Notice that only one line changed, and that was the type declaration for stateLock. Simple, easy, elegant; the way all libraries should be.


// Thread Safe Libraries

Knowing which libraries you use are thread-safe is critical to successfully programming with multiple threads. Not all libraries and frameworks are thread-safe. In fact, many of them aren't. Cocoa, for example, is generally not thread-safe. Most of the C library is thread safe, except where specifically noted in the documentation (strtok comes to mind). The rule is fairly simple: any library code that depends on some form of internal state (like strtok's static pointers) is not thread-safe. Also, libraries that have their own data structures are generally to be considered not thread-safe unless they tell you otherwise. A good place to look is in the documentation for the functions you are using.

Just to let you rest at ease, all the standard C library I/O routines are thread-safe, so use printf with joy! Even though they have their own internal state (the I/O buffers), they protect their state through the use of thread-safe locks like the ones mentioned above.

For libraries and frameworks that you have to use that aren't thread-safe (like Cocoa), you have to figure out some kind of locking protocol for it.

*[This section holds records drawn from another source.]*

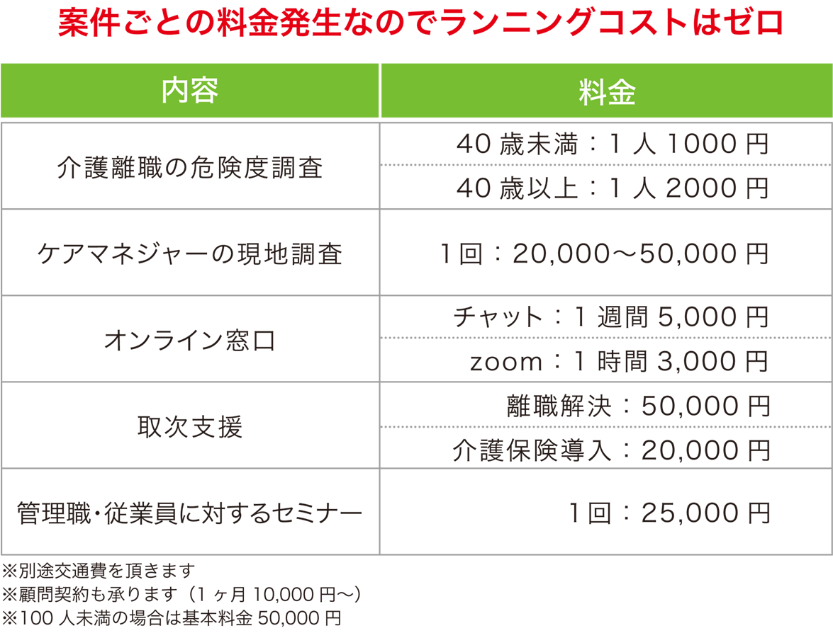 貴社の介護相談窓口としてだけでなく、潜在的な離職予備群を事前に発見する予防、調査サービスとしても、幅広い業種でご利用いただいています。なかなか危機感をもってもらいにくい介護離職を事前に発見し、早い段階で解決できる「両立かいごくん」は高齢者分野の福利厚生サービスとして、素早い課題解決をご提供できます。
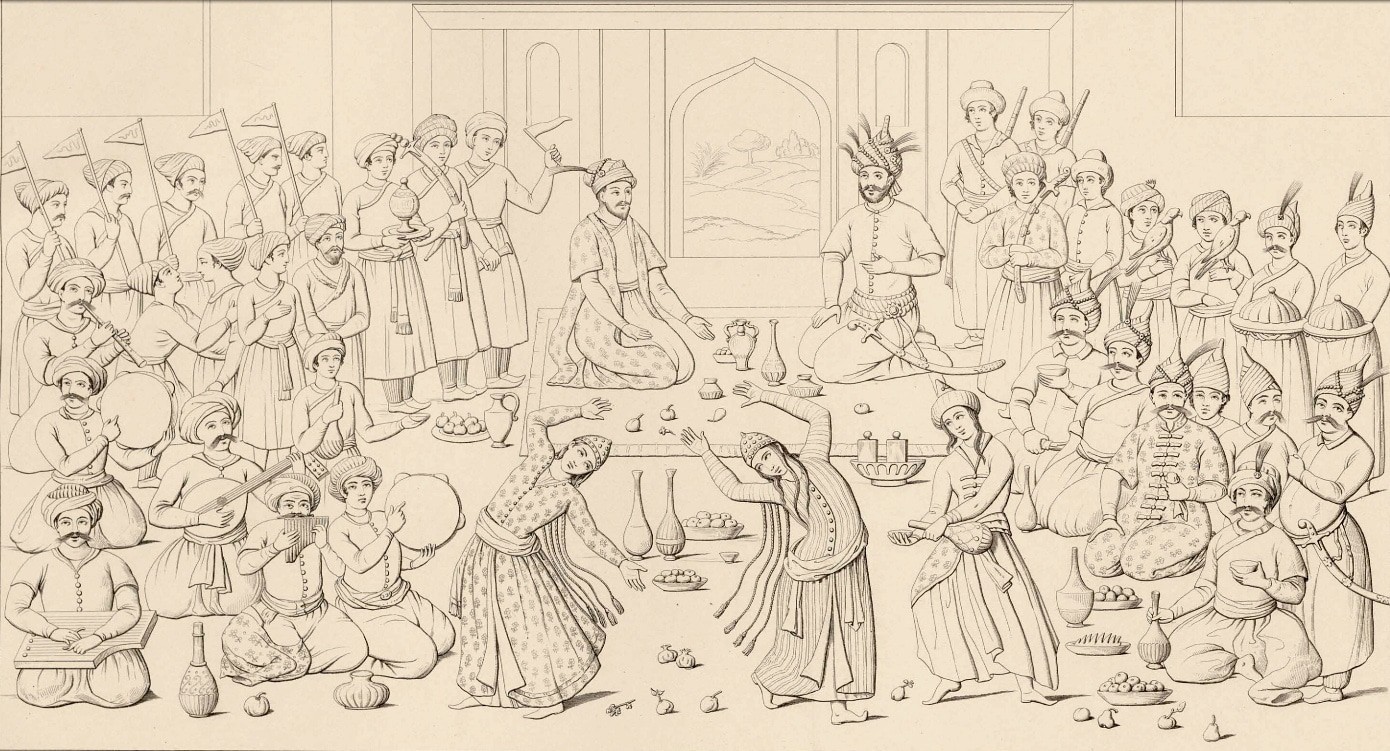 Гравюра "Шах Аббас принимает индийского султана Тамареб Омайума" (~1600), привожу по Чарльз Таксиер (Descriptions de l'Arménie, la Perse et la Mésopotamie, 1842)
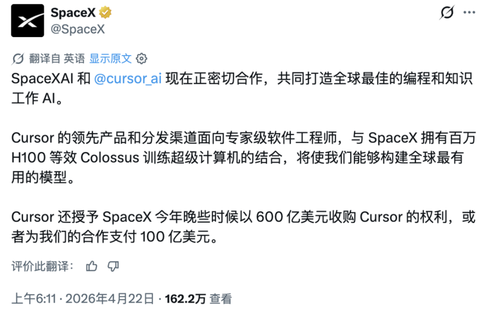 就在刚刚,SpaceX在X平台发帖晓谕,已与Cursor杀青讨好,并取得了一项收购礼聘权:本年晚些时候不错600亿好意思元将Cursor举座收入囊中,也不错支付100亿好意思元,手脚两边讨好阶段的价钱。
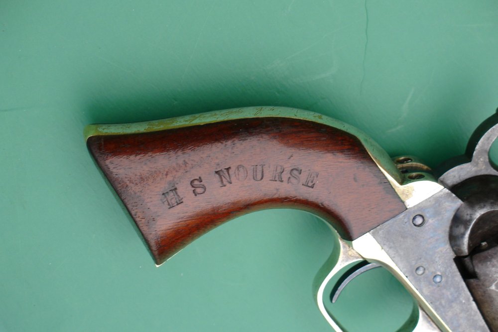 One was Herbert S. Nourse and/or "Nurse" who was a Fifer in 100 day unit from Wisconsin in 1864. Then there was a Henry S. Nourse who was a private of the 72nd Indiana...This regiment formed in the late summer of 1862. The third and most likely candidate/former owner of the this Colt was Captain Henry Stedman Nourse of the 55th Illinois Infantry. Muster roles also specifically mention him as "H.S. Nourse" which is exactly how the name is stamped on the grips. The records for the other two soldiers do not list their names by "H.S. Nourse". Furthermore, being an officer, Nourse would have seemed the more ideal to have had access or owned a set of stamps to place his name on his personal property. After all, officers traveled with foot lockers full of personal items that were often stamped or stenciled with their names. In contrast, enlisted men had to carry their few meager possessions on their backs. They rarely had the means to purchase personal stamps nor did they (unlike officers) possess enough access baggage requiring ID's to warrant such a possession. That said, we felt the most likely owner of this Colt was Henry Stedman Nourse of the 55th IL.
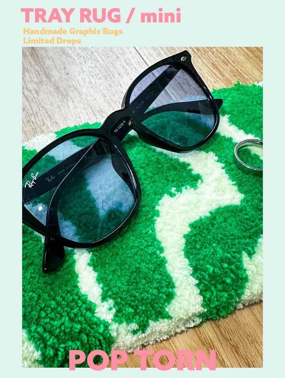 • 用途: サングラスやアクセサリー、お気に入りの小物を置くための「トレイラグ」として最適。置くものをより魅力的に引き立てるグラフィックデザインです。
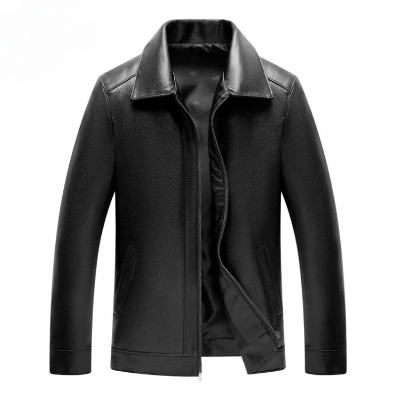Lapel Leather Jacket for Men's Lapel Trendy Handsome High-end PU Motorcycle Men's Spring and Autumn Leather Jacket
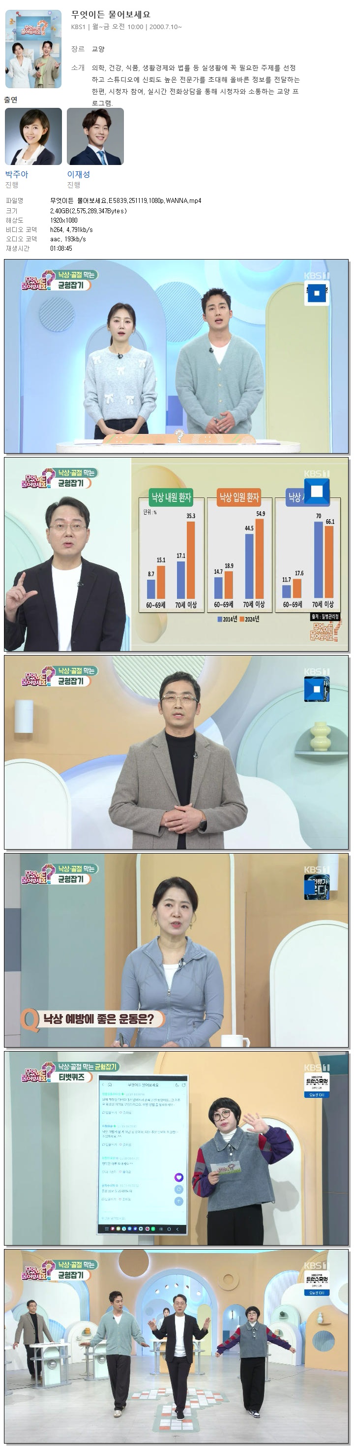 | [KBS1] 무엇이든 물어보세요.E5839.251119.1080p.WANNA[박주아, 이재성].mp4 | 2.4 G | 01:08:45 | 1920x1080 |

If for example you need to use strtok, use an NSLock around it's use in all your code, so that only one thread accesses it at a time (or just use strrtok). For complex libraries like Cocoa which have their own ever-changing state, for which only one thread (the main one) will ever be notified about, you'll have to do something different. Most of the time, it's best to just have one thread that does all the user-interface work and have other threads do all the other work in the background; this way the program always feels responsive to the user.


// Creating A Thread

Now that you know how to keep your code thread safe, and how to make sure you're keeping your accesses to libraries and frameworks safe, you can now finally learn the secret to making threads:

// Creates a new Generator class and runs its generatorThreadFunc: routine in 
// a new thread.
Generator * gen = [[Generator alloc] init];

[NSThread detachNewThreadSelector: @selector(generatorThreadFunc:)
   toTarget: gen withObject: nil];

What, you thought it would be hard? Come on, this is Cocoa! Co-Coa! Who's your daddy?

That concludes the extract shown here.